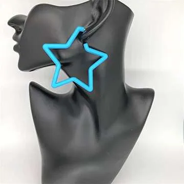 Show moreIntroducing our **80s & 90s Colorful Star Hoop Earrings**, a stunning statement piece designed to add a vibrant touch to any outfit. Measuring approximately **6 cm (2.4 inches)**, these earrings are perfectly sized for comfort while making a bold style statement. Crafted from durable alloy and finished with a stoving varnish, these hoop earrings are lightweight and resistant to fading or breaking, ensuring a long-lasting addition to your jewelry collection. With a retro vibe and a variety of vivid colors, they're easy to pair with both casual and formal ensembles, making them a versatile accessory for any occasion.
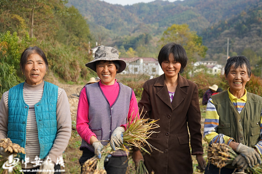 從左至右依次是:大戶王榮彩,2017年預(yù)脫貧戶汪麗、汪大云;2016年脫貧戶陳堯美。王榮彩今年61歲,是村中有名的生姜達(dá)人;汪麗今年45歲;汪大云今年39歲;陳堯美今年65歲。以上4人都在“三變”改革示范點(diǎn),村集體經(jīng)濟(jì),生姜扶貧示范基地務(wù)工。汪麗說(shuō),“這是我們村的生姜田地,我們幾個(gè)姐妹邊工作邊唱歌,一天能領(lǐng)一百塊錢的收入,很開(kāi)心。”
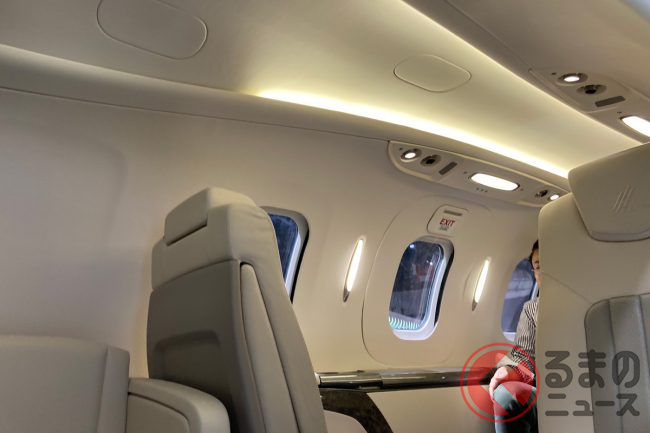 「ジャパンモビリティショー2023」のホンダブースでは「モビリティショー」に相応しいジェット機の展示が行われています。その機内はどんな感じなのでしょうか。
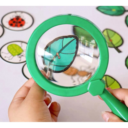 1. 將昆蟲卡與樹葉卡混合,孩子用放大鏡尋找並配對昆蟲。
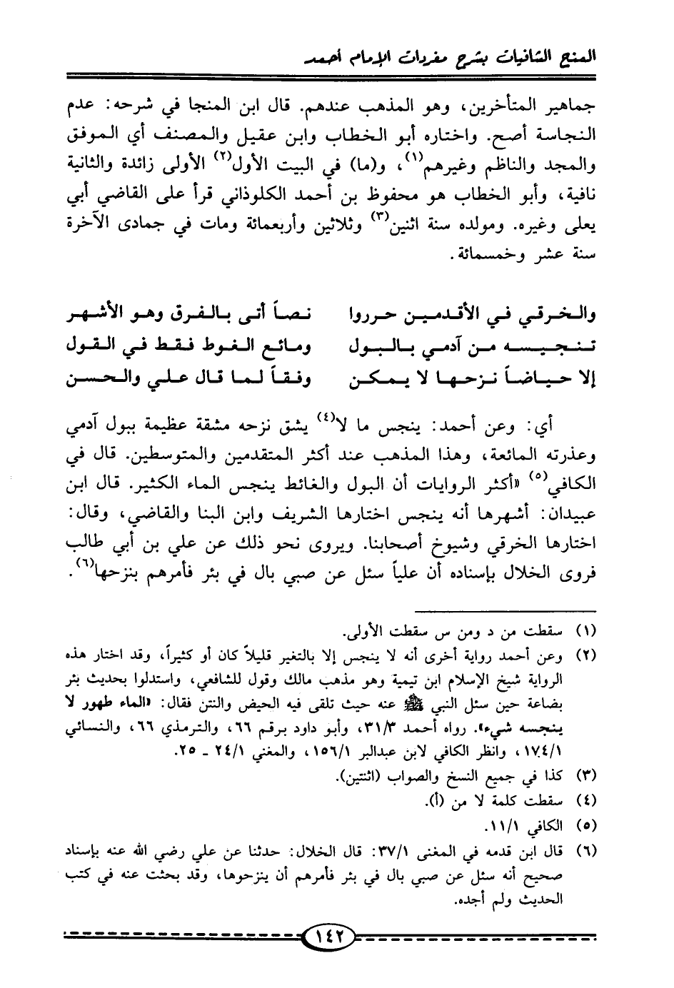 (¬6) قال ابن قدمه في المغنى 1/ 37: قال الخلال: حدثنا عن علي -رضي الله عنه- بإسناد صحيح أنه سئل عن صبي بال في بئر فأمرهم أن ينزحوها، وقد بعثت عنه في كتب الحديث ولم أجده.
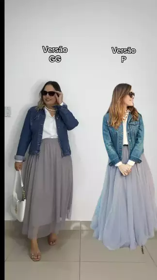 Look plus size fashion com saia de tule e jaqueta jeans #plussize #moda #fy
────────────────
- EXERCISE BRIEF:
Whatever lies between the first line of the data and the line holding "1. 將昆蟲卡與樹葉卡混合,孩子用放大鏡尋找並配對昆蟲。", inclusive, should be repeated exactly, apart from the pictures.

- TASK ANSWER:
 Show moreIntroducing our **80s & 90s Colorful Star Hoop Earrings**, a stunning statement piece designed to add a vibrant touch to any outfit. Measuring approximately **6 cm (2.4 inches)**, these earrings are perfectly sized for comfort while making a bold style statement. Crafted from durable alloy and finished with a stoving varnish, these hoop earrings are lightweight and resistant to fading or breaking, ensuring a long-lasting addition to your jewelry collection. With a retro vibe and a variety of vivid colors, they're easy to pair with both casual and formal ensembles, making them a versatile accessory for any occasion.
 從左至右依次是:大戶王榮彩,2017年預(yù)脫貧戶汪麗、汪大云;2016年脫貧戶陳堯美。王榮彩今年61歲,是村中有名的生姜達(dá)人;汪麗今年45歲;汪大云今年39歲;陳堯美今年65歲。以上4人都在“三變”改革示范點(diǎn),村集體經(jīng)濟(jì),生姜扶貧示范基地務(wù)工。汪麗說(shuō),“這是我們村的生姜田地,我們幾個(gè)姐妹邊工作邊唱歌,一天能領(lǐng)一百塊錢的收入,很開(kāi)心。”
 「ジャパンモビリティショー2023」のホンダブースでは「モビリティショー」に相応しいジェット機の展示が行われています。その機内はどんな感じなのでしょうか。
 1. 將昆蟲卡與樹葉卡混合,孩子用放大鏡尋找並配對昆蟲。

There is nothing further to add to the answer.